The footsteps of evolution can be hard to retrace…

Word count: 225 words

Reading time: Less than 1 minute

I read widely, watch movies and listen to the radio. In today’s post you’ll see an interesting piece of figurative language I’ve encountered recently, this time focusing on personification.

You know, I never fully realized how much I appreciated personification until I started keeping this blog. When in school, I’d always imagined it to be a fairly heavy-handed technique, best used sparingly, if not reluctantly. Now I realize it’s a smart tool that make writing spring to life. (See that? I just used some personification without even breaking a sweat!)

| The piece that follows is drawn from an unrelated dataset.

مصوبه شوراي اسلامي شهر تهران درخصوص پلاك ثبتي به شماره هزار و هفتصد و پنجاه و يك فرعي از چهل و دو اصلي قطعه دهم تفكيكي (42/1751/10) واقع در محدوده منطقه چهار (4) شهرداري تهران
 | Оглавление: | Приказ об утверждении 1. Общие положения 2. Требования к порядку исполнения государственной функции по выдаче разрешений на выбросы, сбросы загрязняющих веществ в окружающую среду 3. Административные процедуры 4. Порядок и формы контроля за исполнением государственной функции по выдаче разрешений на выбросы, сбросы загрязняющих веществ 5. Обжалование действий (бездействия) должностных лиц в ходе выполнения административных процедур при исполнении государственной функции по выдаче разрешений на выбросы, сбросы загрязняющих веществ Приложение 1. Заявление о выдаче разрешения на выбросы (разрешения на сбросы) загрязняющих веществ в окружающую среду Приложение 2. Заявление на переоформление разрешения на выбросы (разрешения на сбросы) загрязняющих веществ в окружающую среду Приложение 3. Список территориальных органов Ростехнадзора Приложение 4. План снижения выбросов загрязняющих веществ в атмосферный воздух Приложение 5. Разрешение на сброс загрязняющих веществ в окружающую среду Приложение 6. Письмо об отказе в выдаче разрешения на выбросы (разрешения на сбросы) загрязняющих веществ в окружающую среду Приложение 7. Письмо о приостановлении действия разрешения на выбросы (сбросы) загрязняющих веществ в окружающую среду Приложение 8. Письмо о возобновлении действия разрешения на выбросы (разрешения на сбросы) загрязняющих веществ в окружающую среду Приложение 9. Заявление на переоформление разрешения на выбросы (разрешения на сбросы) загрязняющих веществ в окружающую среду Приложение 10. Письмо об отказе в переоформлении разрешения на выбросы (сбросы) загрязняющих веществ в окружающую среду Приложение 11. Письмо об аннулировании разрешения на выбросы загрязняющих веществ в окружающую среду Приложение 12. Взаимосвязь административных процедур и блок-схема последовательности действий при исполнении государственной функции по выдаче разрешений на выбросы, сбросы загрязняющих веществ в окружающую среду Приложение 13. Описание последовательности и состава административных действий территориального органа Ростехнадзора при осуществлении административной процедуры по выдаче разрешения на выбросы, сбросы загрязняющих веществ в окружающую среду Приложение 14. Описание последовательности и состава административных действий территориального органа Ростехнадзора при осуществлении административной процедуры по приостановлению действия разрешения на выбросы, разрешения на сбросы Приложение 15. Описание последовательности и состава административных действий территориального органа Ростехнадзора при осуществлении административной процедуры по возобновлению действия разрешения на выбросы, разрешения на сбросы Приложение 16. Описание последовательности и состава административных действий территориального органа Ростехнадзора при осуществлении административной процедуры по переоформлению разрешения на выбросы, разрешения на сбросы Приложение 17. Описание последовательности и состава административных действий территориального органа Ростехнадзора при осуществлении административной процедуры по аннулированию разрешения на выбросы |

Furthermore, personification doesn’t need to be reserved for novels and short stories. It works equally well in non-fiction. Here’s an example from a Sept. 17 New Yorker article on evolutionary stories, headlined “It Ain’t Necessarily So,” by Anthony Gottlieb.

There are some puzzles — cheetahs have spots, though they prefer open hunting grounds — but that’s to be expected, since the footsteps of evolution can be as hard to retrace as those of a speckly leopard in the forest. 

In fact, this sentence offers both personification and a metaphor rolled up into one delightful package. Don’t you like the way evolution has footsteps and that these are as hard to retrace as those of a leopard? (I also love that fillip, speckly, to modify leopard!)